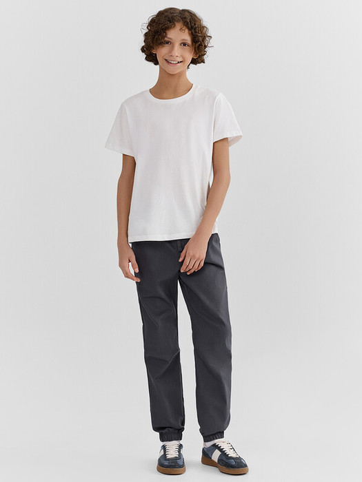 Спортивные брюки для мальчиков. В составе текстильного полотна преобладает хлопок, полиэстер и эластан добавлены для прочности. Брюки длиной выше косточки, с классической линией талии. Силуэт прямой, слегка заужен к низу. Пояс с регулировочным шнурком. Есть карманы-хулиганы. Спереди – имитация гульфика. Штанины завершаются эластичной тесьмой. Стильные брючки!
...
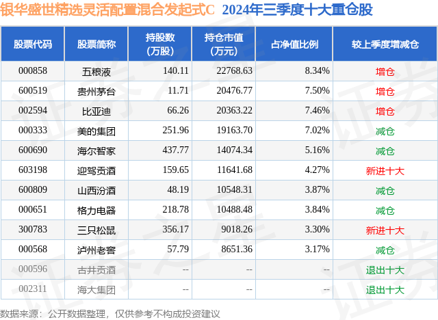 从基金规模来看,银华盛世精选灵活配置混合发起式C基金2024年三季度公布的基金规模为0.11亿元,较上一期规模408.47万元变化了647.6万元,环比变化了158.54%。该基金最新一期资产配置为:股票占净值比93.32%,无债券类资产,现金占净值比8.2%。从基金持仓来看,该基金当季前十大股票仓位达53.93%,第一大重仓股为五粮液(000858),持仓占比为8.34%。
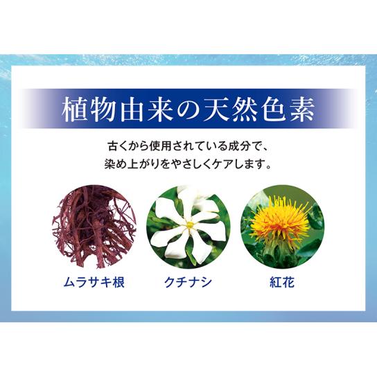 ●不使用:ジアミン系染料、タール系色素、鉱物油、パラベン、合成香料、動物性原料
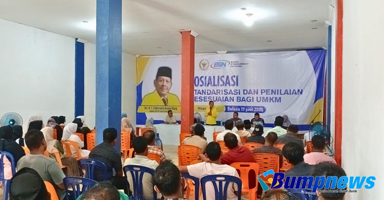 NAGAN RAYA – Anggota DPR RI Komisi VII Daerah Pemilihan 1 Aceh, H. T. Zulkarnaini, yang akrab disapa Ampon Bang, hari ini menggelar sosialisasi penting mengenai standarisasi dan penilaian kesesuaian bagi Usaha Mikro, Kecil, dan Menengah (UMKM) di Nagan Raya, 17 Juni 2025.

To do
Without the pictures, set down the lines above from the line with "从基金规模来看,银华盛世精选" up to and including the line with "NAGAN RAYA –" exactly as they stand.

Answer to the problem
 从基金规模来看,银华盛世精选灵活配置混合发起式C基金2024年三季度公布的基金规模为0.11亿元,较上一期规模408.47万元变化了647.6万元,环比变化了158.54%。该基金最新一期资产配置为:股票占净值比93.32%,无债券类资产,现金占净值比8.2%。从基金持仓来看,该基金当季前十大股票仓位达53.93%,第一大重仓股为五粮液(000858),持仓占比为8.34%。
 ●不使用:ジアミン系染料、タール系色素、鉱物油、パラベン、合成香料、動物性原料
 NAGAN RAYA – Anggota DPR RI Komisi VII Daerah Pemilihan 1 Aceh, H. T. Zulkarnaini, yang akrab disapa Ampon Bang, hari ini menggelar sosialisasi penting mengenai standarisasi dan penilaian kesesuaian bagi Usaha Mikro, Kecil, dan Menengah (UMKM) di Nagan Raya, 17 Juni 2025.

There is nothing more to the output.